Grigory Petrov’un, “ Beyaz Zambaklar Ülkesinde “ adlı yapıtını yeni bitirdim.

Büyük laflar edesim geldi kitabı bitirince. Belki umudumu ateşler diye. Karamsarlığım bir nebze olsun diner diye. Şu kendimi altta ya da üstte hissetme durumu var ya… Resmen çıldırtıyor beni. Alıp başımı gidesim geliyor. Sanki bu baş benimle gelmeyecek gibi.

Kitabın bir yerinde şöyle diyor; “ Finler kendilerine “ suom “ derler ve çok sevdikleri ülkelerine “ suomi “ adını verirler ki; bu sözcük bataklık arazi anlamına gelir.”

 Kitapta işlenen konu tamamen bir ulusun varoluş mücadelesi ile ilgili.

Benim varoluş mücadelemde ise; bataklıklar beni hep ürkütmüştür. Yetişme çağında bol bol izlediğim kovboy filmlerinde olsun; kasa kasa okuduğum Teksas- Tomiksler de olsun, beni çok etkileyen görüntüler olmuştur. Hep savaş, hep savaş! Ne haz alırdım bilmiyorum.
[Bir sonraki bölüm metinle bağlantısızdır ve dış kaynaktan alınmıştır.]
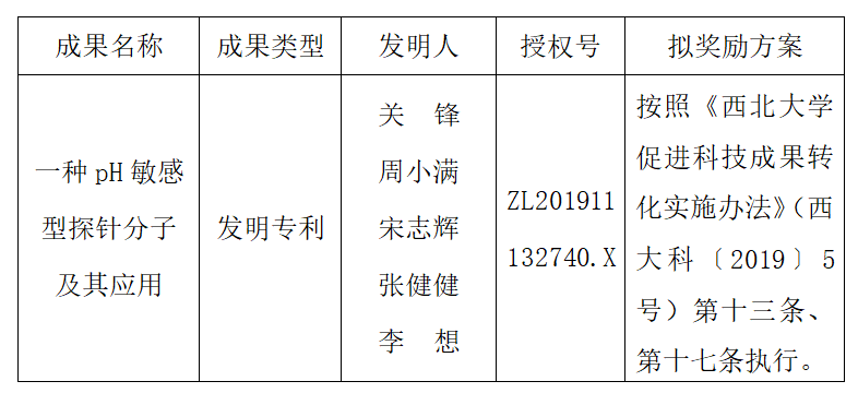 按照《welcome欢迎光临威尼斯集团促进科技成果转化实施办法》(西大科〔2019〕5号)相关规定,拟对威尼斯官网生命科学学院关锋教授作为成果负责人的1项发明专利权实施转化,现将相关信息公示如下:

Haz alır mıydım, onu bile anımsamıyorum.

Neyse lafı uzatmayalım, o bataklıkların yuttuğu insanlar, atlar… En çok da atlara üzülürdüm. O zamanlar ayırtına varamasam da; bugün biliyorum nedenini. Bana göre hayvanlar hep sahiplerinin günahını öderler. Sahibine gücü yetmeyen insanoğlu, nedense onun sandığı hayvanından alır hıncını. Ya da nefsine yenik düşen, sahibi sandığındandır eziyeti hayvanların.

Bana göre hayvanlar, sadece yaşama içgüdüsüyle hareket ederler. Bizim zarar olarak algıladıklarımız; nefisleri ile güdülerini çarpıtıp karakter kusurları üzerine hareket etmeleri değildir.

Hâlbuki biz insanların her zaman seçim hakkı var; güdülerimizi çarpıtıp onlar üzerine hareket etmemek gibi.

Ne yazık ki; öyle yazılıp çizildiği gibi kolay değil. Örneğin ben, deniz kenarına yakın bir kamp alanına çadır kurdum. Kuruş amacım; hem bu yas sürecinde denize yakın olmak, tek başına kalmak, Argos’la zaman geçirmek, Argos’un da denize girerek, felçli bacaklarında bir gelişme olur mu şansını değerlendirmek istememdi.

Bu ortak amaç doğrultusunda, ayak işleri yapıyorum. Fakat kampta gittikçe çoğalan köpekler ve kamp sakinleri beni korkutuyor. Hem bizim rahatımız, hem de başkalarının rahatı birarada mümkün değilmiş gibi geliyor. Nefes alamaz hale geliyorum.

Tamam diyorum, sonunda Argos’ u köye gönderirsin. Olmazsa daha fazla riske gerek yok diyorum. Der demez de orda ip kopuyor. Argos’ u hemen harcadığımı düşünüyorum ve kendimi çok bencil hissediyorum.

Hâlbuki ben de sadece yaşama içgüdüsüyle hareket ediyorum. Tanrı’ nın bana verdiği bu bedene, cana daha fazla eziyet etmek istemiyorum. Düşünce bu; tıpkı tüm canlılardaki güdü. Fakat niye bu kadar canım yanıyor! Niye ben yaşamdan yana oyumu kullandıkça, suçluluk duyuyorum. Bundan kurtulmanın yolu yok mu? Teşekkürler.